---------- MATERIAL FOR THIS TASK
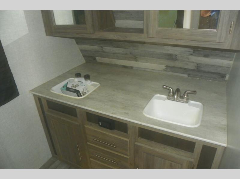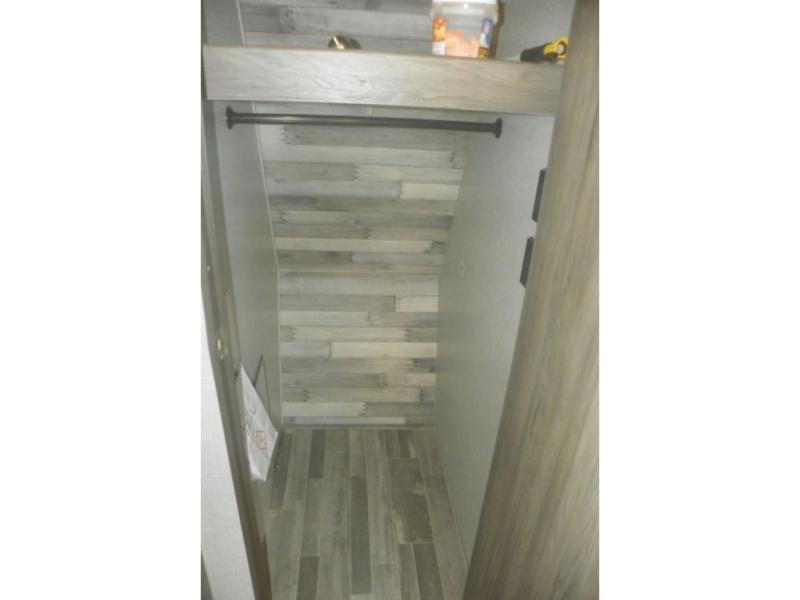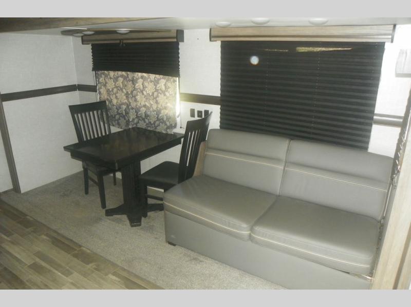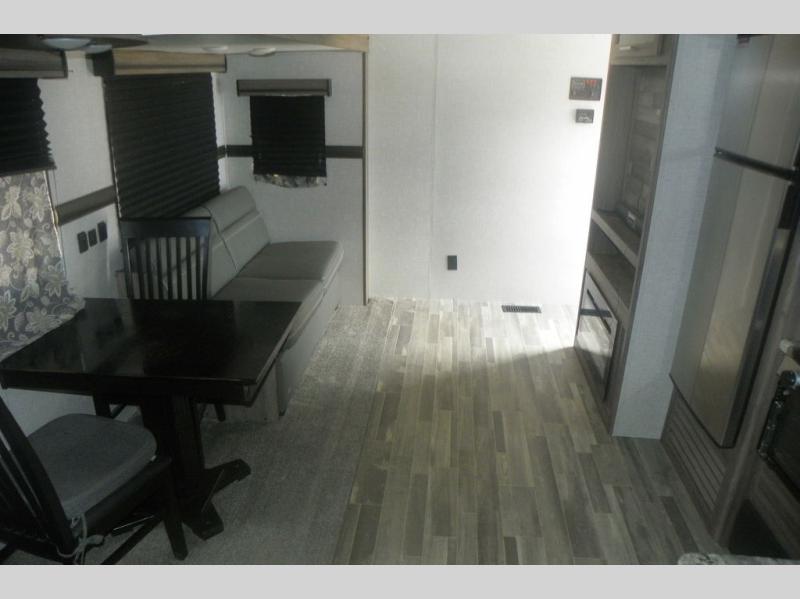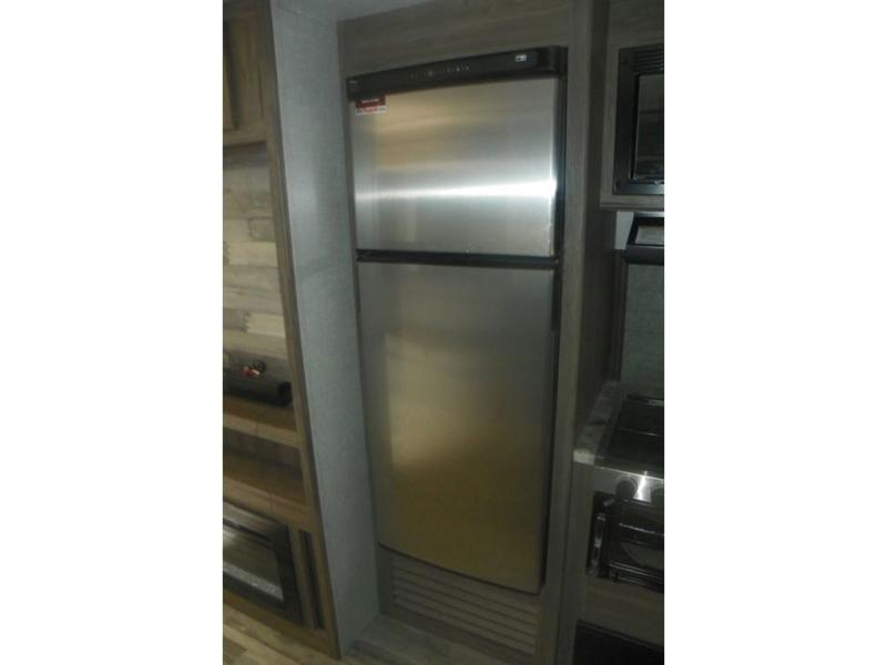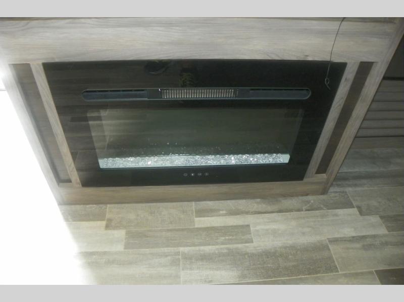 Head out on your greatest adventure with this travel trailer! You will feel right at home with the rear private bedroom featuring a 60" x 74" RV queen bed with shirt closets on either side and overhead cabinets above to store your items. The full front bathroom allows two to get ready at once with the dual-sink vanity, and the closet is prepped to add the optional washer and dryer for you to wash your clothes and in result, pack less clothes. The dual entry doors make for a smooth flow of traffic in and out of the unit, and the 60" jackknife sofa across from the entertainment center with a fireplace and 39" TV is the perfect place to wind down your nights!
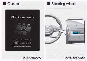 При выключении двигателя и открытии дверь водителя после открытия и закрывая заднюю дверь или заднюю дверь, Предупреждающее сообщение «Проверьте задние сиденья» появляется на комбинации приборов.
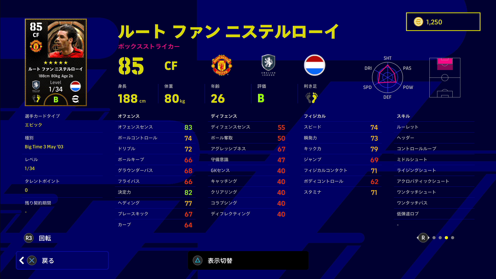 利き足が右なので、中央突破やシュートを主に狙う場合はLSB、クロスを主に狙う場合はRSBで起用すると良いでしょう。
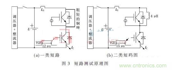 圖3(a)為一類短路測(cè)試原理圖,電網(wǎng)電壓經(jīng)過調(diào)壓器和整流橋,將母線電容電壓充到1 500 V,上管igbt的門極被-15 V關(guān)斷,且用粗短的銅排將其短路。對(duì)下管的IGBT釋放一個(gè)12 μs的單脈沖,直通就形成一類短路。圖3(b)為二類短路測(cè)試原理圖,將母線電容電壓同樣充到1 500 V,上管IGBT的門極被-15 V關(guān)斷,且給上管并聯(lián)一個(gè)4 μH的電感作為負(fù)載,下橋臂通過IGBT驅(qū)動(dòng)器釋放一個(gè)15 μs的單脈沖就形成二類短路。
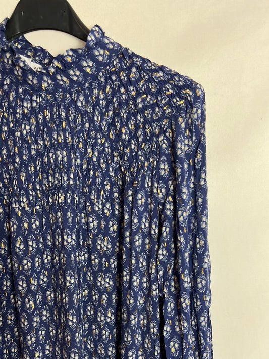MAGNOLYA. Vestido midi azul hilos dorados. T0(XS/S)
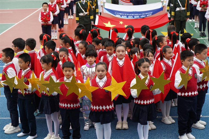 四年级学生手持“强国有我”标语,誓言铮铮;一、二年级“小小追光者”则用充满童真却坚定的表演,完成了一次从历史到未来的精神穿越。
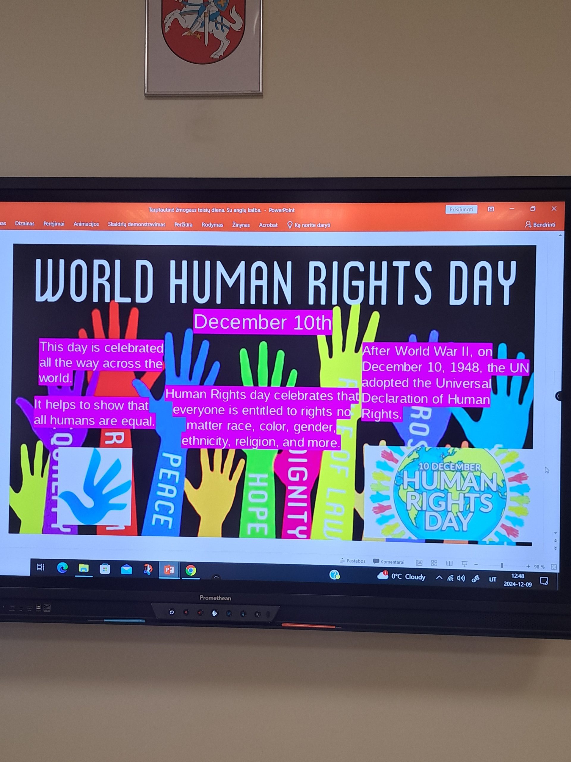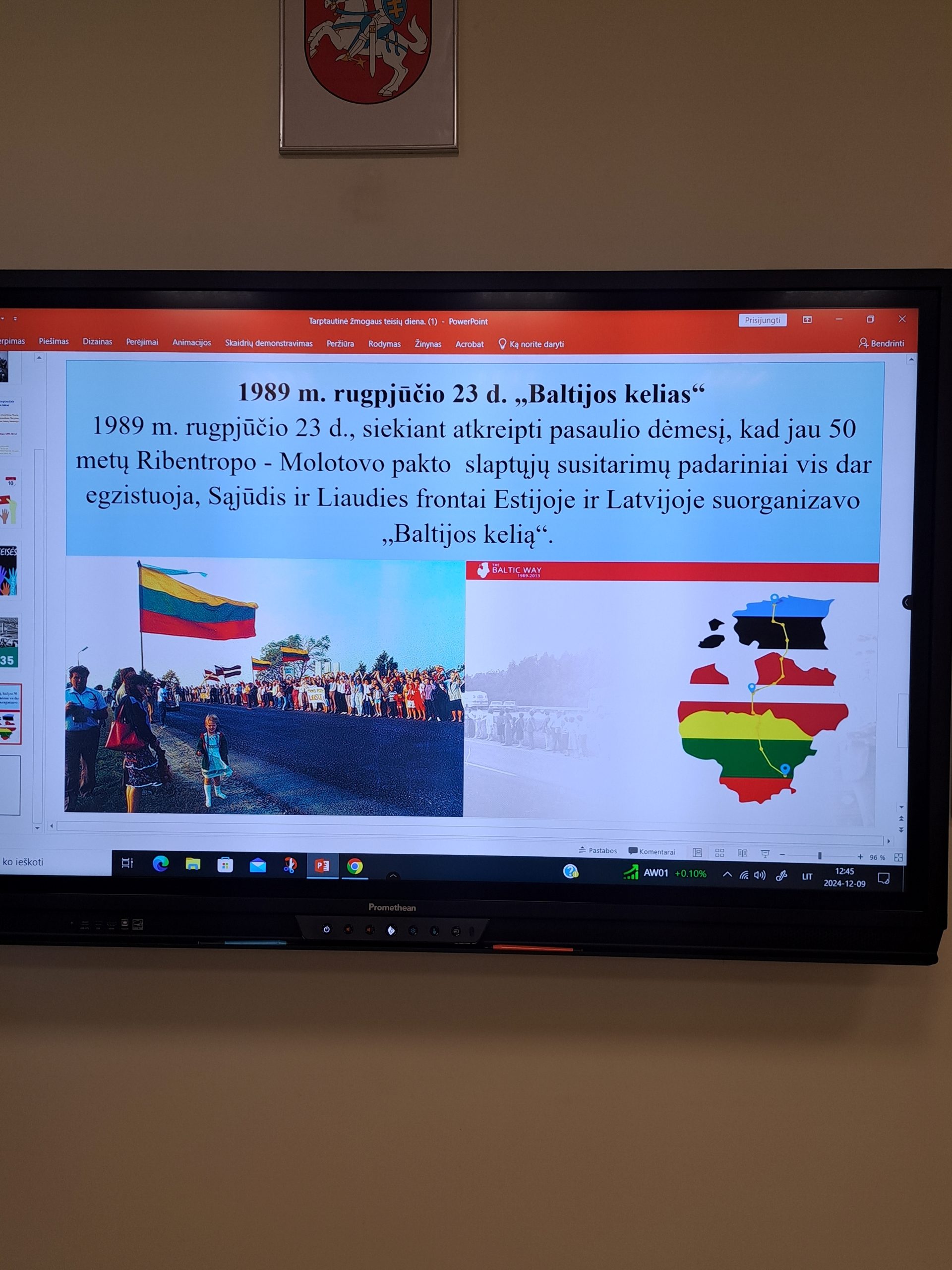 Gruodžio 10-oji Tarptautinė žmogaus teisių diena. Šiai svarbiai dienai paminėti lietuvių, anglų ir istorijos mokytojos gruodžio 9 d. II A klasei organizavo integruotą pamoką. Pamokos metu mokiniai prisiminė, kokios yra žmogaus teisės, kartu su istorijos mokytoja aptarė Visuotinę žmogaus teisių deklaraciją bei kaip didžiausią protesto akciją prieš nusižengimą žmogaus teisėms Baltijos kelią (šiais metais minima Baltijos kelio 35 metų sukaktis). Anglų mokytoja mokiniams skyrė užduotį atlikti vertimą iš lietuvių į anglų kalbą apie Baltijos kelio akciją bei surasti nuorodas, kokie užsienio šalių dienraščiai tuo metu rašė apie šią protesto akciją. Pamokos pabaigoje gimnazistai skaitė eilėraščius, skirtus Baltijos keliui, analizavo jų meninę kalbą, aiškinosi prasmę. Skirtos užduotys mokiniams padėjo ugdyti įvairias kompetencijas: komunikavimo, kultūrinę, skaitmeninę, kūrybiškumo, pažinimo, pilietiškumo, taip pat kėlė jų pilietinį sąmoningumą bei skatino patriotiškumą.
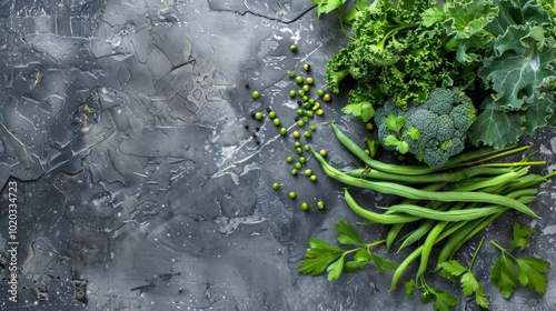 Vibrant Green Vegetables and Herbs on Grey Stone Background
--------------------
Repeat the full listing above without altering a word, and skip the pictures.

 Head out on your greatest adventure with this travel trailer! You will feel right at home with the rear private bedroom featuring a 60" x 74" RV queen bed with shirt closets on either side and overhead cabinets above to store your items. The full front bathroom allows two to get ready at once with the dual-sink vanity, and the closet is prepped to add the optional washer and dryer for you to wash your clothes and in result, pack less clothes. The dual entry doors make for a smooth flow of traffic in and out of the unit, and the 60" jackknife sofa across from the entertainment center with a fireplace and 39" TV is the perfect place to wind down your nights!
 При выключении двигателя и открытии дверь водителя после открытия и закрывая заднюю дверь или заднюю дверь, Предупреждающее сообщение «Проверьте задние сиденья» появляется на комбинации приборов.
 利き足が右なので、中央突破やシュートを主に狙う場合はLSB、クロスを主に狙う場合はRSBで起用すると良いでしょう。
 圖3(a)為一類短路測(cè)試原理圖,電網(wǎng)電壓經(jīng)過調(diào)壓器和整流橋,將母線電容電壓充到1 500 V,上管igbt的門極被-15 V關(guān)斷,且用粗短的銅排將其短路。對(duì)下管的IGBT釋放一個(gè)12 μs的單脈沖,直通就形成一類短路。圖3(b)為二類短路測(cè)試原理圖,將母線電容電壓同樣充到1 500 V,上管IGBT的門極被-15 V關(guān)斷,且給上管并聯(lián)一個(gè)4 μH的電感作為負(fù)載,下橋臂通過IGBT驅(qū)動(dòng)器釋放一個(gè)15 μs的單脈沖就形成二類短路。
MAGNOLYA. Vestido midi azul hilos dorados. T0(XS/S)
 四年级学生手持“强国有我”标语,誓言铮铮;一、二年级“小小追光者”则用充满童真却坚定的表演,完成了一次从历史到未来的精神穿越。
 Gruodžio 10-oji Tarptautinė žmogaus teisių diena. Šiai svarbiai dienai paminėti lietuvių, anglų ir istorijos mokytojos gruodžio 9 d. II A klasei organizavo integruotą pamoką. Pamokos metu mokiniai prisiminė, kokios yra žmogaus teisės, kartu su istorijos mokytoja aptarė Visuotinę žmogaus teisių deklaraciją bei kaip didžiausią protesto akciją prieš nusižengimą žmogaus teisėms Baltijos kelią (šiais metais minima Baltijos kelio 35 metų sukaktis). Anglų mokytoja mokiniams skyrė užduotį atlikti vertimą iš lietuvių į anglų kalbą apie Baltijos kelio akciją bei surasti nuorodas, kokie užsienio šalių dienraščiai tuo metu rašė apie šią protesto akciją. Pamokos pabaigoje gimnazistai skaitė eilėraščius, skirtus Baltijos keliui, analizavo jų meninę kalbą, aiškinosi prasmę. Skirtos užduotys mokiniams padėjo ugdyti įvairias kompetencijas: komunikavimo, kultūrinę, skaitmeninę, kūrybiškumo, pažinimo, pilietiškumo, taip pat kėlė jų pilietinį sąmoningumą bei skatino patriotiškumą.
 Vibrant Green Vegetables and Herbs on Grey Stone Background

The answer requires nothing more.